80 shows how to deal with the general case. It follows that the effect can be substantial, arbitrarily >2-fold when τ < 1/ln 8. However, such low τ ligands are very weak agonists, and even a manyfold increase of the triggering rate that they induce will not have a significant impact. For a better agonist (
i.e. one such that τ > 1/ln 8), the increase is <2-fold, and for a near optimal agonist such that τ < 1/ln 4 (in the absence of CD8), the effect vanishes altogether. If a ligand is already optimal in the absence of CD8, it becomes 17% less effective in the saturating presence of CD8. Hence, if we rank the strong agonists for a given T cell by potency we conclude that the CD8 stabilization effect can alter the order of that ranking, allowing CTLs to focus their functional avidity on a ligand by adjusting CD8 expression levels.

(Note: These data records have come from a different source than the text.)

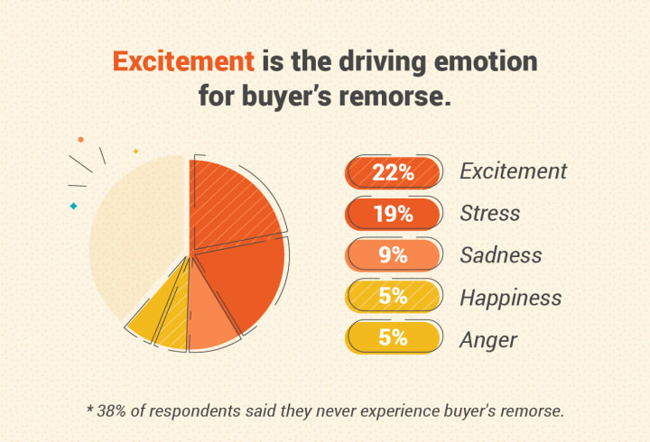 According to our respondents, excitement is the leading cause of overspending and making purchases shoppers later regret. More than 22 percent of Americans named this emotion as their top influencer. Overall, 62 percent of respondents blamed some emotion as being responsible for purchases they later regret.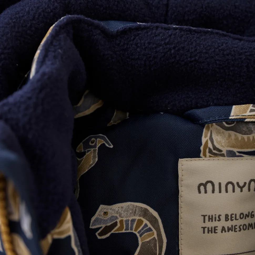 Varm snedragt fra Minymo. Dragten er lavet af 100% polyester med fleecefor på indersiden. Dragten har mange funktioner såsom aftagelig hætte og aftagelige gummistropper ved fødderne. Blød elastik ved både håndled og ankler for at sikre en god pasform. Dragten har refleksdetaljer for at sikre, at barnet altid kan ses, når det leger udenfor. Dragten er åndbar og vandtæt med et vandsøjletryk på 10.000 mm samt slidstyrke på 60.000. Imprægneret med BIONIC FINISH® ECO. Certificeret i hht. GRS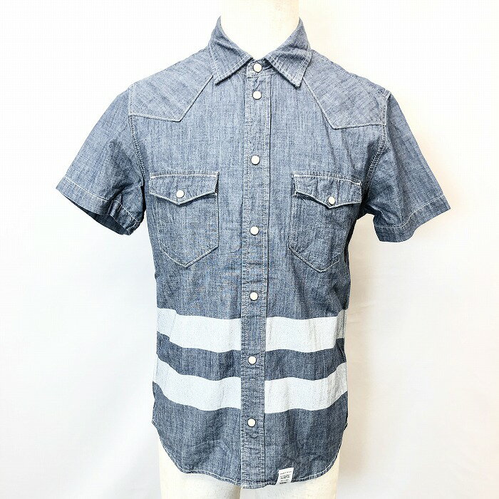 【楽天スーパーSALE限定!! \★35%OFF★/対象商品|12月4日(木)20時00分〜12月11日(木)01時59分まで】【中古】AZUL by moussy アズールバイマウジー S メンズ 男性 シャツ ボーダー ウエスタン ドットボタン 半袖 両胸ポケット 綿100% ブルー系 青系
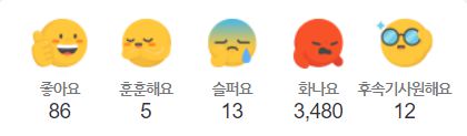 기존엔 ▲좋아요 ▲훈훈해요 ▲슬퍼요 ▲화나요 ▲후속기사 원해요 등 5가지 버튼 중 하나로 감정을 표현할 수 있었지만 개편 후엔 슬픔이나 분노 등 부정적인 감정을 표현할 수 없게 된 것이다.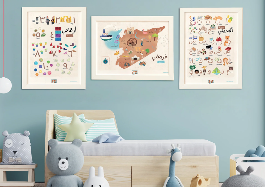 Initiez votre enfant aux lettres de l'alphabet arabe avec des exemples tirés du dialecte syrien. Dimensions : A2 Cadre non inclus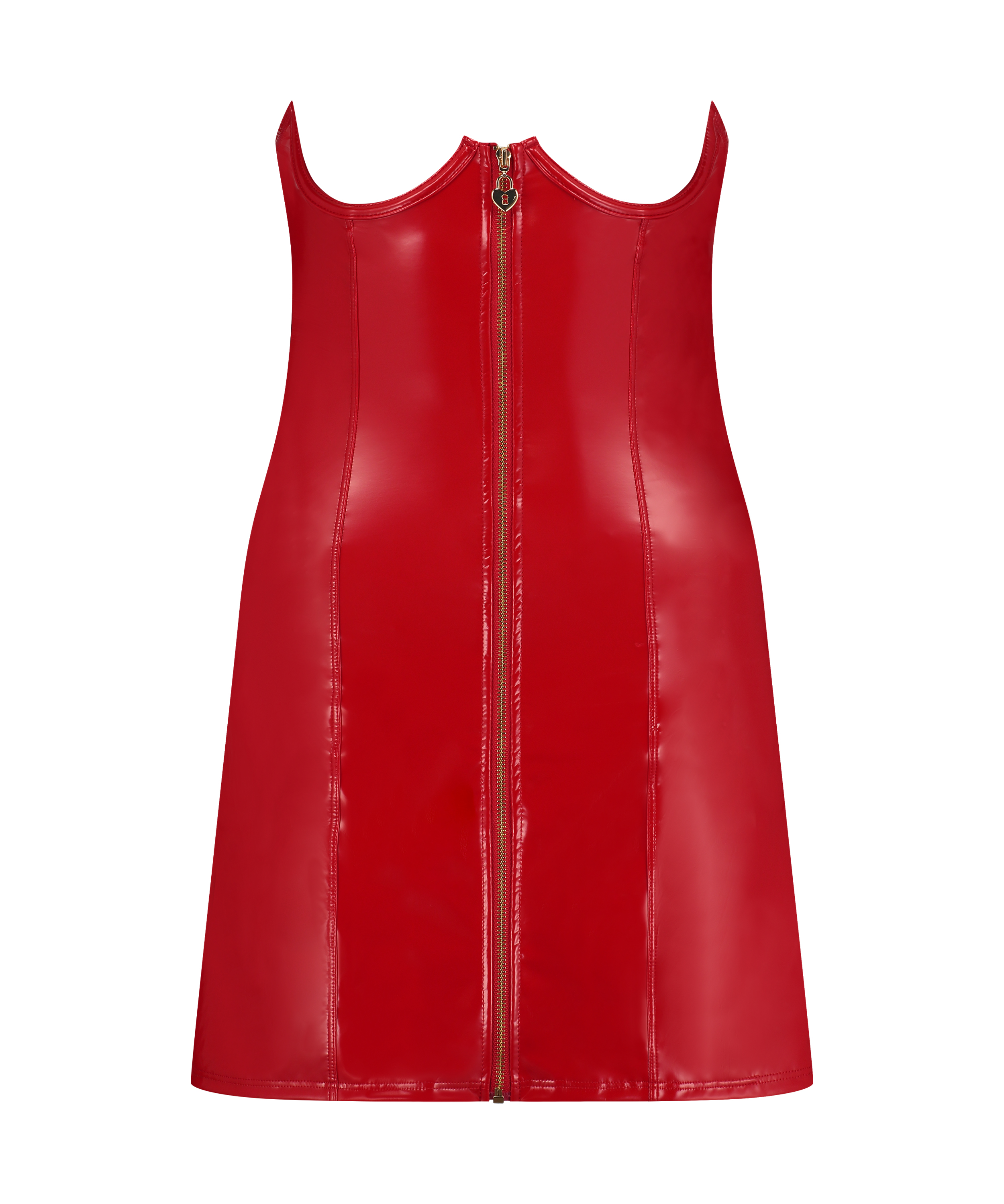Despierta el deseo con este deslumbrante vestido lencero. Está hecho de piel sintética y tiene un cierre de cremallera en la parte delantera. Este vestido tiene aros para un look extra sexy. Combínala con accesorios sexis. Forma parte de nuestra colección Private.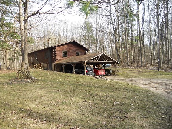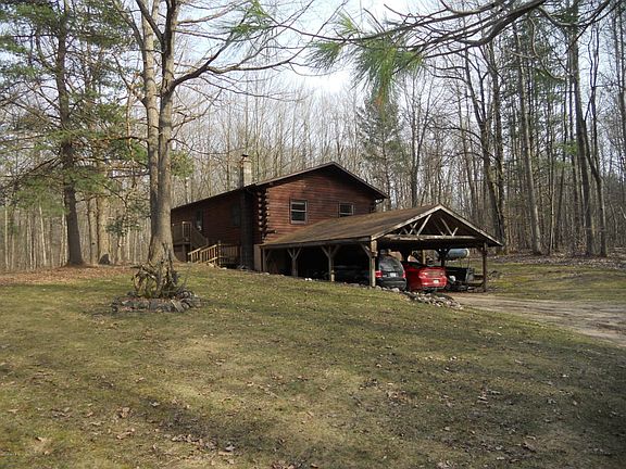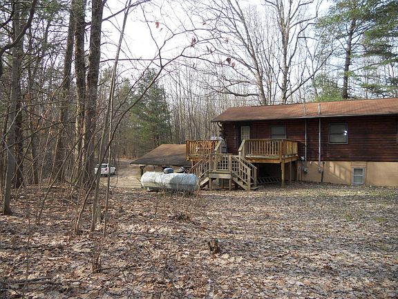 JUST REDUCED, HIGHLY MOTIVATED SELLERS!!!!! This home is situated on just over 10 acres of serene property of mostly mixed oak and hardwood. Enjoy the peace and quiet in this 4 bedroom (possible 5), 2 full bathroom, D-cut log style home. Open concept kitchen, dining room, living room combination, with one full bathroom, master bedroom and den/nursery on the main floor, with most hardwood flooring. The lower level walkout has a family room area with woodstove, laundry area, 3 bedrooms and full bath, and storage area. Firepit and 2 outside decks for family gatherings and entertainment. Explore and enjoy the beautiful views of wildlife and nature. Call today for your private showing.

In summary, we have used a range of pMHCIs with altered CD8 binding but unaltered TCR binding to examine the TCR/pMHCI/CD8 interaction at the cell surface. These experiments allow an assessment of cooperative binding not possible in previous biophysical and structural studies using soluble molecules (
3,
12,
13). We show that the TCR and CD8 bind to pMHCI cooperatively at the cell surface. Modeling for the monomeric TCR/pMHCI/CD8 interaction indicates that CD8 provides a stabilization factor of ~2 that is applicable across all systems tested. The requirement for CD8 to stabilize the TCR/pMHCI interaction beyond a threshold sufficient for TCR triggering or stable binding of multimeric pMHCI to cell surface TCR is minimal with strong TCR ligands (
15) but becomes increasingly apparent as the TCR/pMHCI half-life decreases (
49,
50), consistent with model predictions (
79). The 2-fold stabilization effect provided by the pMHCI/CD8 interaction is expected to enhance T cell activation
per se. The TCR triggering rate has been found to depend non-monotonically on the off-rate, with an optimum positioned at a point where 1/
koff corresponds to the TCR triggering threshold (
79,
80). Reducing
koff by a factor of 2 may in fact have a negative impact on ligands with off-rates too slow for optimal stimulation. However, the vast majority of ligands will have off-rates too fast for optimal stimulation of a given TCR, and such ligands will increase in TCR triggering efficacy when
koff is reduced by half. Indeed, weak agonist variant peptides cannot be recognized in the absence of pMHCI/CD8 interaction (
Fig. S3 in the supplemental data found in the on-line version of this article). Overall, these findings suggest that CD8-mediated stabilization of the TCR/pMHCI interaction contributes to T cell cross-reactivity and promiscuity (
81), an effect that might be amenable to therapeutic intervention.